Stephanie Youngblood
Stephanie Youngblood is a PhD candidate in the Department of English at UW-Madison. She received undergraduates degrees in History and Liberal Arts from the University of Oklahoma, and holds master’s degrees from both Oxford and York Universities. Stephanie has published articles in Callaloo and GLQ, has taught at the Johns Hopkins University Center for Talented Youth, and has been the recipient of both University and Sawyer Seminar Fellowships.

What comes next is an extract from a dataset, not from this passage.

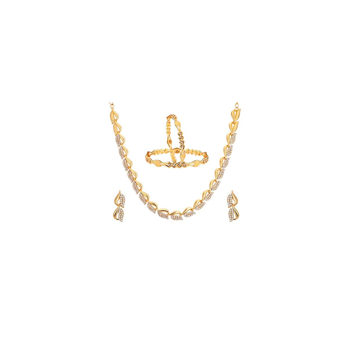 ZENEME Non-precious Metal Gold Plated and American Diamond Necklace Set & Bangles for Women & Girls

Her dissertation looks at the intersection of poetry, testimony, and the body in American literature concerning the AIDS crisis and September 11th.
Anna Zeide
Anna Zeide is currently completing her PhD in the History of Science, Medicine, and Technology, writing a dissertation on the history of the U.S. canning industry, which explores how the rise of processed food in America was grounded by scientific expertise against a changing consumer and environmental backdrop. She has also exercised her interests in food and the environment in a variety of venues throughout the broader UW and Madison communities. She has designed a food-based environmental studies course for the UW PEOPLE Program; worked as a Food Programming Liaison for the UW GreenHouse environmental dorm; served as a Project Assistant for the Center for Culture, History, and Environment; and worked with Community GroundWorks and the Wisconsin School Gardening Initiative. Her academic and civic engagement work has been recognized through a National Science Foundation Graduate Research Fellowship and by a UW-Madison Exceptional Service Teaching Assistant Award. Anna extended her experiences and passions through the Public Humanities Fellowship at the Madison Children’s Museum, where she focused on developing the Museum’s sustainability and health initiatives.